California bill aims to ensure specialized prescription drugs are affordable

California Assembly Bill 339 aims to rein in prescription-drug prices to ease the economic impact on those with chronic medical conditions who need expensive drugs, but critics are warning that it also would increase insurance premiums for everyone else and make it harder for insurers to obtain lower-cost drugs.The bill would limit what a consumer pays to a $250 copay limit for a 30-day supply.

The bill passed the Assembly 48-30 in June, then passed along party lines in the Senate Health Committee, 7-2, soon afterward after witnesses testified to its pros and cons. The bill is back in committee for further consideration and any amendments.



“AB339 is designed to ensure consumer access to vital medications,” the bill’s author, Assemblyman Rich Gordon (D-Dist. 24), said. “Californians with cancer, HIV/AIDS, hepatitis, multiple sclerosis, epilepsy, lupus and other serious and chronic conditions need high-cost specialty drugs. Today, consumers with these serious health conditions can be asked to pay as much as $6,600 for a month’s prescription for a single drug.”
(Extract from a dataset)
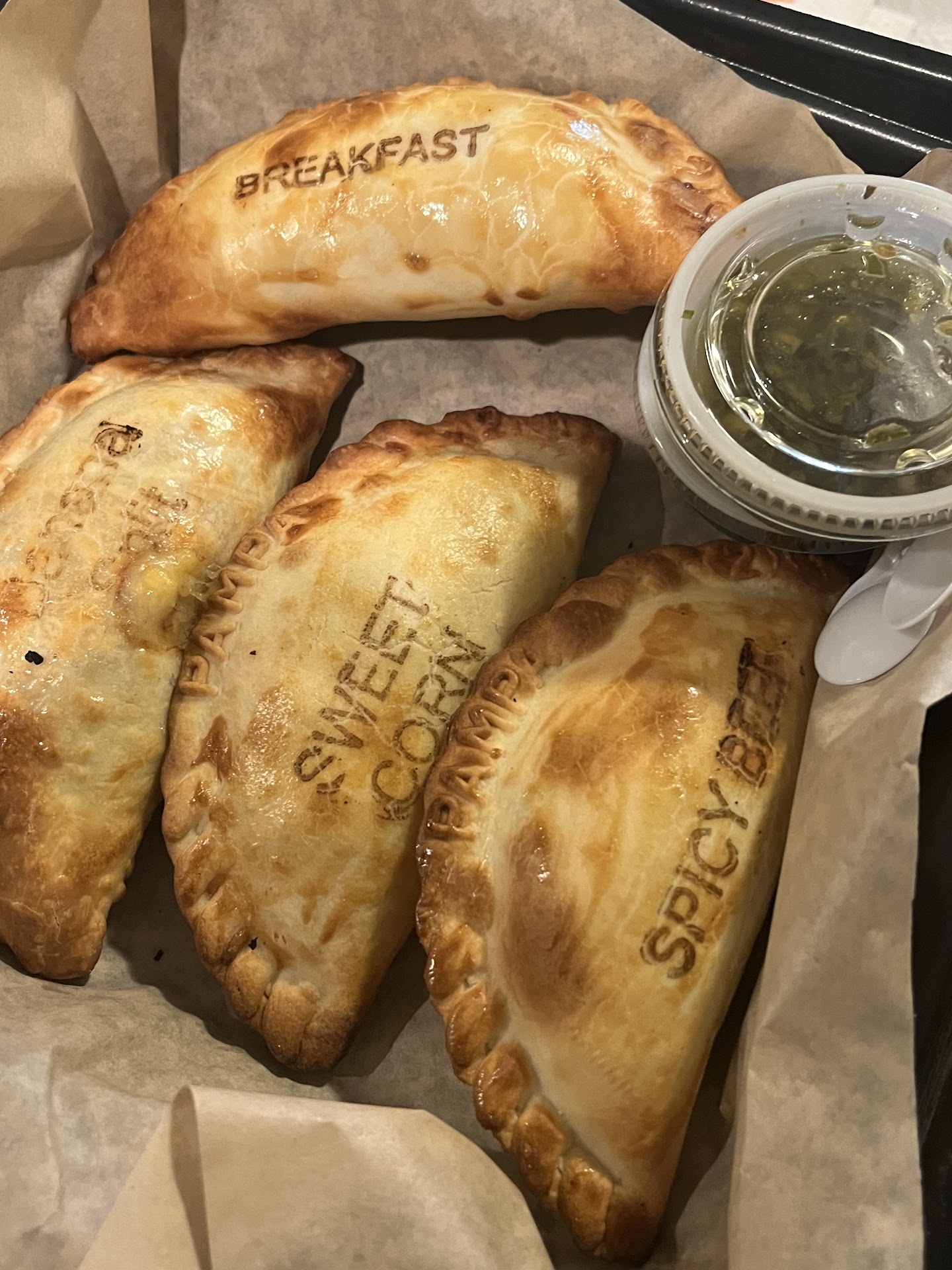 We got the spicy beef, sweet corn, banana split, dulce de leche, and mushroom. They were all seriously amazing. The dough is so perfect it’s unlike anything we’ve had before. The chimichuri is also amazing. Everything is homemade and you can definitely taste it.

Those in opposition to the bill are focusing on the increased premiums that the bill would cause.

“Our opposition to this bill is fairly simple,” Nick Louizos, a representative for the California Association of Heath Plans, said. “Legislatively designing health benefits increases premiums. We can legislatively create the best benefit packages in the world, but if no one can afford them, that’s pretty useless from our perspective. This has been demonstrated time and time again. The independent analysis of the introduced version of this bill does show premium increases of close to $400 million on individuals and employers.”